Uma das atuações mais marcantes foi desenvolvida pela Promotoria do Patrimônio Público do MP-GO. Esta promotoria é representada por um combativo promotor de justiça, homem digno, probo, comprometido historicamente com a transformação social. O subscritor destas linhas, quando era Diretor da União Nacional dos Estudantes (UNE), nos idos de 1983 o conheceu como presidente do Diretório Central dos Estudantes da PUC-RS, enfileirado nas trincheiras da luta estudantil em prol da eleição direta para Presidente da República.
As combativas intervenções do digno promotor de justiça nos meios escrito, televisado e falado de comunicação do estado de Goiás e o imperativo ético-legal de conduta proba na administração pública e de estímulo às práticas honestas na administração privada, induzem os cidadãos de bem a apoiarem iniciativas de combate à corrupção. Por isso, torna-se pública a presente petição ao MP-GO sobre fatos e argumentos de direito relativos ao assunto, por meio da qual se requer providências atinentes com suporte no art. 187 do Código Civil.
A probidade na administração pública é um imperativo legal e ético, juntamente com o estímulo às práticas honestas nos setores públicos e privados. Só assim, sob o império da honestidade e da probidade, será possível desenvolver ações de proteção ao patrimônio público e, sobretudo, do bem público mais valioso, a vida e o meio ambiente que, segundo o artigo 225 da Constituição, se insculpe como prerrogativa fundamental, um direito de todos e uma obrigação do estado e do cidadão, enquadrado como bem de uso comum do povo. Portanto, o bem público ambiental é inalienável e imprescritível (que a ninguém, sob qualquer forma, é dada a prerrogativa de transacionar seu domínio do coletivo para o particular e nem tampouco prescreve ou caduca o direito do cidadão ou da sociedade de usufruí-lo em qualquer tempo).

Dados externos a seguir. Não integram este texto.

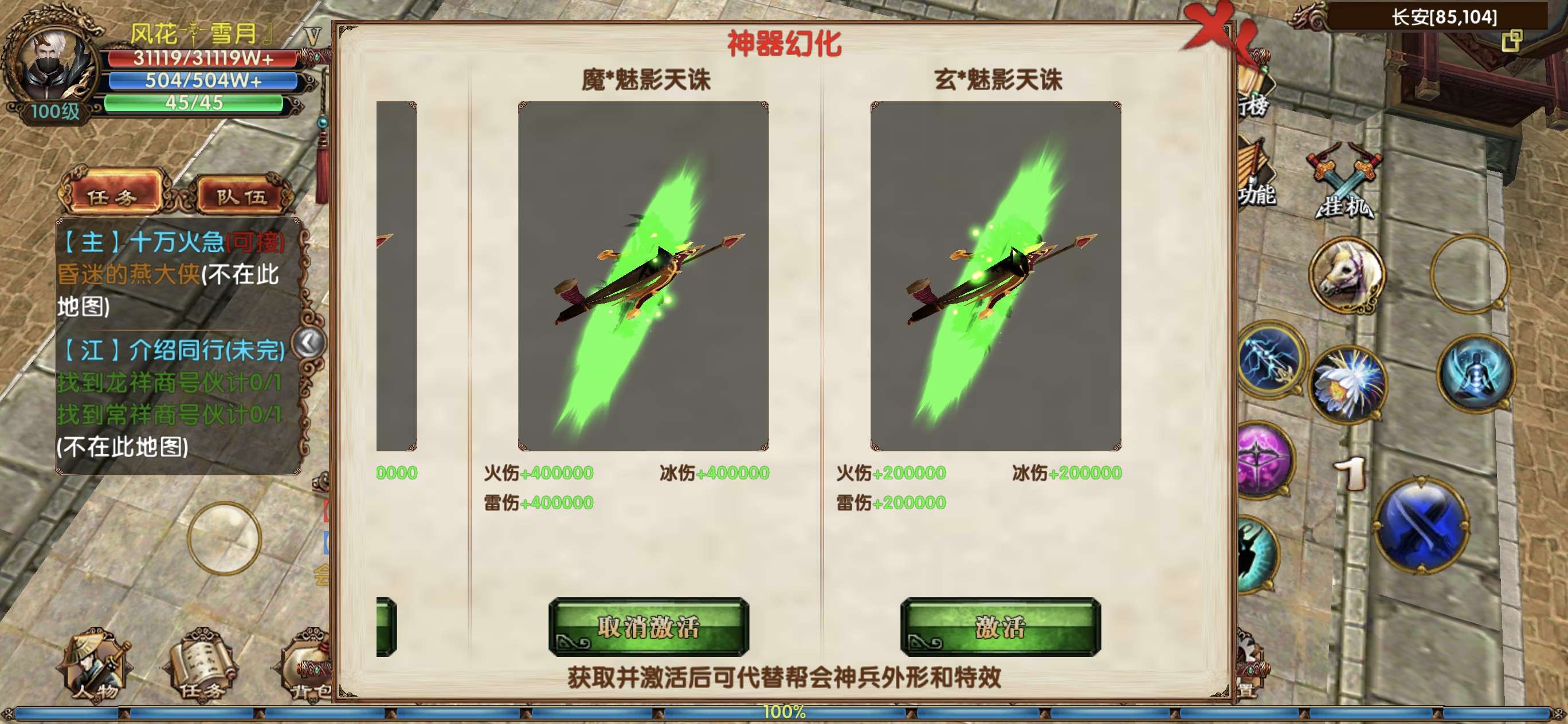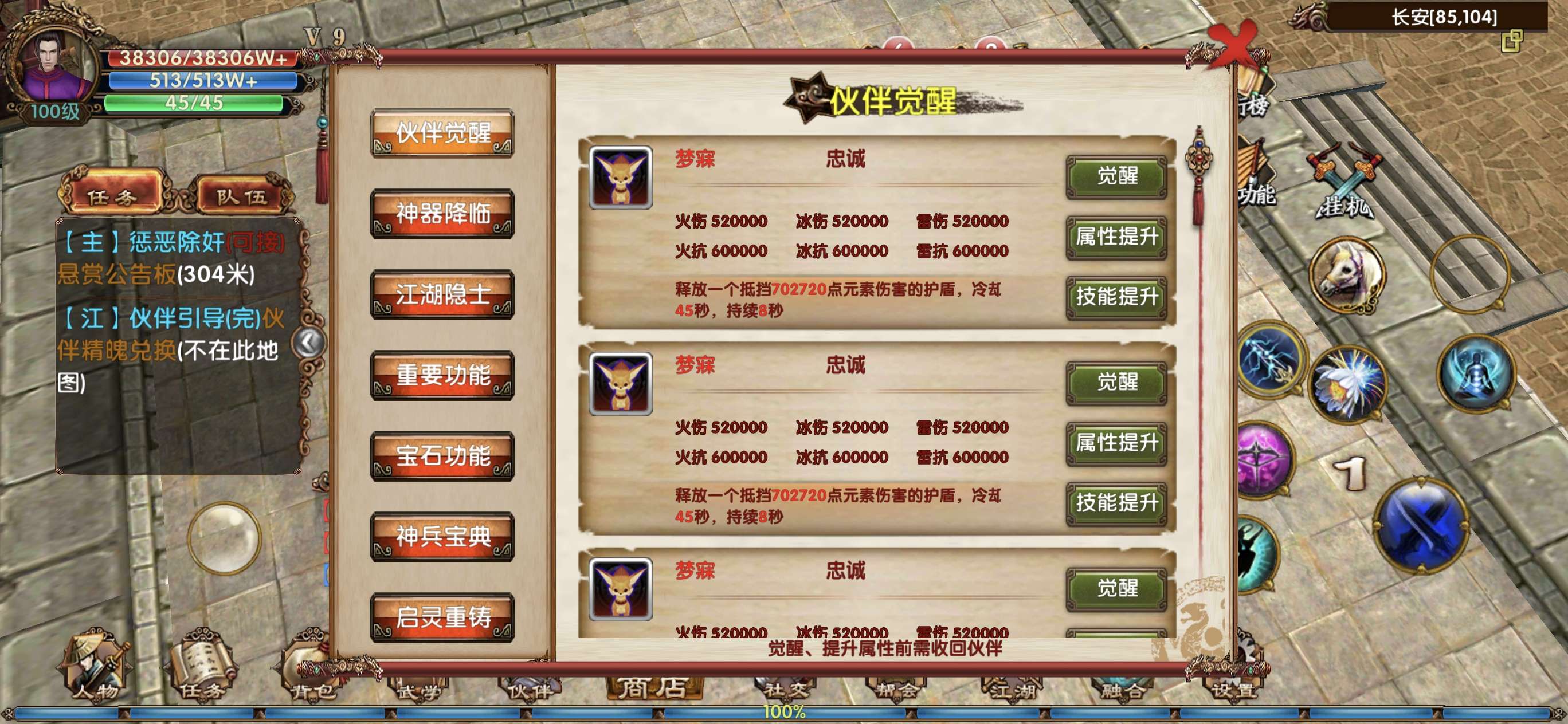 88区v5武当 22高级技能 4张武林转职卡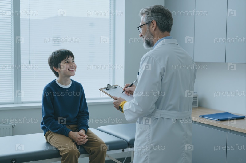 Взрослый мужской врач консультирует улыбающегося ребенка-пациента в клинике

Inicialmente, se contextualiza a exposição com um relato da intervenção do delegado de polícia, titular da DERCCAP, durante debate ocorrido no período de 14 a 16 de setembro de 2011, no auditório da UNIP, por ocasião do 2º Encontro Nacional de Chefes de Polícia Civil e 3º Simpósio Criminalista, do qual a pessoa subscrita participou como ouvinte, na condição de acadêmico do curso de Direito daquela instituição de ensino, na qual é também docente desde janeiro de 2006.
Ocorria a conferência sobre o tema "O perfil criminalístico do delinquente tributário", proferida no dia 15/09, 19:30, pela Advª Rebeca Adorno Nunes, tendo como debatedor o titular da DERCCAP, delegado Jerônimo Rodrigues Borges, sob a coordenação da Profª Claudia Sodré, da UNIP.
A conferencista discorreu, em síntese, sobre o caráter político do Direito Penal, que "penaliza severamente as pessoas de classe social marginalizada e deixa livre de pena os infratores de classe hegemônica".
Com a palavra, o debatedor, titular da DERCCAP, que tentou manter o diapasão da conferencista, ao citar, em tom veemente:
"[...] Uma investigação sobre a Prefeitura da Capital. Não vou citar o nome do investigado, embora eu esteja aqui na academia, onde tudo pode, então, na verdade, deveria fazê-lo".
Ouviu-se da platéia o murmúrio, quase um suplício: "cita, cita!". Neste momento, a coordenadora do debate manifestou:
"[...] Olha, na minha fala eu citei o nome da Daslu, em São Paulo, porque o nome estava na imprensa, o caso se tornou manchete nacional; neste caso, acho que não deve [...]".
O debatedor, delegado titular da DERCCAP, retomou a palavra:
"[...] Eu defendo a mais ampla publicidade; nome de bandido, de criminoso tem que ir pr'o jornal, pr'a TV; a população tem direito de saber; mas, eu vou me reservar desta feita. O dirigente público de uma pasta da Prefeitura atentou violentamente contra o patrimônio público. Ele realizou gastos ilícitos de consertos de carros. A investigação comprovou o conserto de Hilux, mas a placa era de uma motocicleta. Vou pegar sim, esse delinquente, que será chamado às barras da Justiça [...]".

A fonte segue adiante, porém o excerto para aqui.